住居の物価指数が85.0で全国43位という結果は、生活費全体が同じだけ低いことを意味しません。物価地域差指数は、住居のほかに食料や交通、教育など複数の費目を合成した数字です*1。

総合が98.6で全国26位にとどまっているということは、住居以外の費目が、住居の低さをすべて引き継いでいるわけではないことを示しています。費目ごとの内訳を見ないまま「安い県」と受け取ると、実際の生活費とずれが生じます。

生活費の水準がどうであっても、それだけでは求人の範囲は決まりません。県内の求人だけに絞るか、勤務地を問わない求人まで候補に入れるかは、住居費の順位とは別に判断する事柄です。

住居費の低さを固定費を抑える材料として使いながら、求人の範囲を広げて賃金の水準を確保するという組み合わせも選べます。どちらか一方を選ぶ必要はありません。

求人の範囲を決めるときに大切なのは、県内の求人と勤務地を問わない求人とで、何が変わり何が変わらないかを先に把握しておくことです。次の章で、その比較を具体的に見ていきます。

3. 物価と転職による賃金の変化を、数字で並べて確認します。

愛媛県の物価と、転職による賃金の変化を、全国平均・全国の状況と並べて確認します。総務省の消費者物価地域差指数(2024年)と厚生労働省の雇用動向調査(2024年)から、費目と賃金の位置を数字で見ていきます。

【表1】物価地域差指数と転職による賃金の変化(2024年・全国平均=100)

指標愛媛県比較対象順位・備考
総合の物価指数98.6全国平均=100全国26位*1
住居の物価指数85.0全国平均=100全国43位*1
賃金が増加した転職40.5%(全国)*2
賃金が変わらなかった転職28.4%(全国)*2

表のとおり、総合の物価指数は98.6で全国26位、全国平均よりわずかに低い程度です。一方で住居の物価指数は85.0で全国43位と、総合よりも大きく下がります*1。

転職による賃金の変化を見ると、増加した人の割合は40.5%、変わらなかった人の割合は28.4%でした。増加が変わらないを12.1ポイント上回っており、正社員のまま賃金の水準が上がる転職は全国で実際に起きています*2。

表のうち県固有の数字が示されているのは物価の2行だけで、賃金の2行は全国の集計です。愛媛で働くITエンジニアの賃金がこの通りに変化するとは限らず、あくまで転職全体に見られる傾向として読む必要があります。

4. 転職で賃金が増えた人は、変わらない人を上回ります。

転職による賃金の変化(転職入職者) 40.5% 賃金が増加した割合 転職入職者のうち 変わらないは28.4% 増加が変わらないを12.1ポイント上回る 転職によって賃金が増える人は、変わらない人よりも多くなっています *数値の出典は記事末尾「出典・参考情報」参照

転職入職者のうち、賃金が「増加」した割合は40.5%です。

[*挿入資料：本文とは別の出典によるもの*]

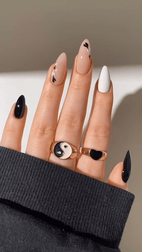 Birthday nails that are both fancy and fun! These are shaped like almonds and painted a smooth, milky white that looks really classy. But the real star is the ring finger, which has a beautiful flower design painted on it. It’s a perfect way to celebrate your birthday with a touch of elegance and whimsy.
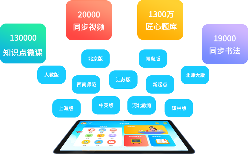 9门科目同步学,涵盖各地主流教材;同步课堂、知识点微课堂,针对性学习;

「変わらない」割合は28.4%で、増加が変わらないを12.1ポイント上回りました*2。

求人の範囲を広げるかどうかを考えるときも、この傾向は判断材料になります。県内の求人だけに絞った場合と、勤務地を問わない求人まで候補に入れた場合とで、賃金の水準が変わる可能性があります。

ただしこの数字は全国の集計であり、この地域で働くITエンジニアに限った結果ではありません。増加した人の割合が高いことは、賃金が上がる転職を誰でも実現できることを示すものではなく、そこまでは示していません。

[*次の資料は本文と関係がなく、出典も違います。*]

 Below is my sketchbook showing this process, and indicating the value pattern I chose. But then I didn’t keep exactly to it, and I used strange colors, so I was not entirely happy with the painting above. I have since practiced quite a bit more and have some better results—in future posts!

5. 県内の求人と、勤務地を問わない求人とでは、選べる範囲が変わります。

愛媛に住み続けながら、県内の求人だけから選ぶ場合と、勤務地を問わない求人も候補に入れる場合とで、何が変わるかを比べます。

県内の求人と、勤務地を問わない求人の比較 県内の求人だけから選ぶ場合 応募先は、住んでいる自治体や近隣の企業が中心になります 給与水準は、地域の相場に沿って決まりやすくなります 住居費の低さを、そのまま生活の余裕に変えやすくなります 勤務地を問わない求人も候補に入れる場合 応募先は、全国の企業まで広がります 給与水準は、企業の所在地の相場が基準になる場合があります 住居費の低さを保ったまま、賃金の水準を上げる余地が生まれます 住居費の低さを活かす場と、求人の範囲を広げる場は、選び方によって変わります

県内の求人だけから選ぶ場合、応募先は住んでいる自治体や近隣の範囲に集中します。給与水準も地域の相場の影響を受けやすく、住居費の低さがそのまま生活の余裕につながりやすくなります。

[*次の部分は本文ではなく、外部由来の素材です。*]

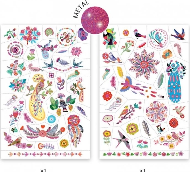 Atklājiet krāsaino pagaidu tetovējumu burvību ar spīguļojošu putniņu motīviem no DJECO. Bērniem patiks rotaļīgās ilustrācijas un maigs mirdzums, kas izceļas uz ādas. Tetovējumi tiek viegli uzklāti ar ūdeni, ātri nožūst un labi turas.

勤務地を問わない求人も候補に入れる場合、応募先は全国に広がります。住む場所を変えずに、企業の所在地の相場を基準にした賃金の水準を目指すという選び方ができます。

住居費が全国でも低い側にある愛媛では、固定費を抑えたうえで賃金の水準を上げられれば、生活費の差はそのまま手元に残る差になります。求人の範囲を広げることは、その差を大きくする手段のひとつです。

どちらを選ぶ場合も、求人票に書かれた勤務地の条件と、給与水準の基準がどこにあるかを確認しておくことが、比較の前提を揃えることにつながります。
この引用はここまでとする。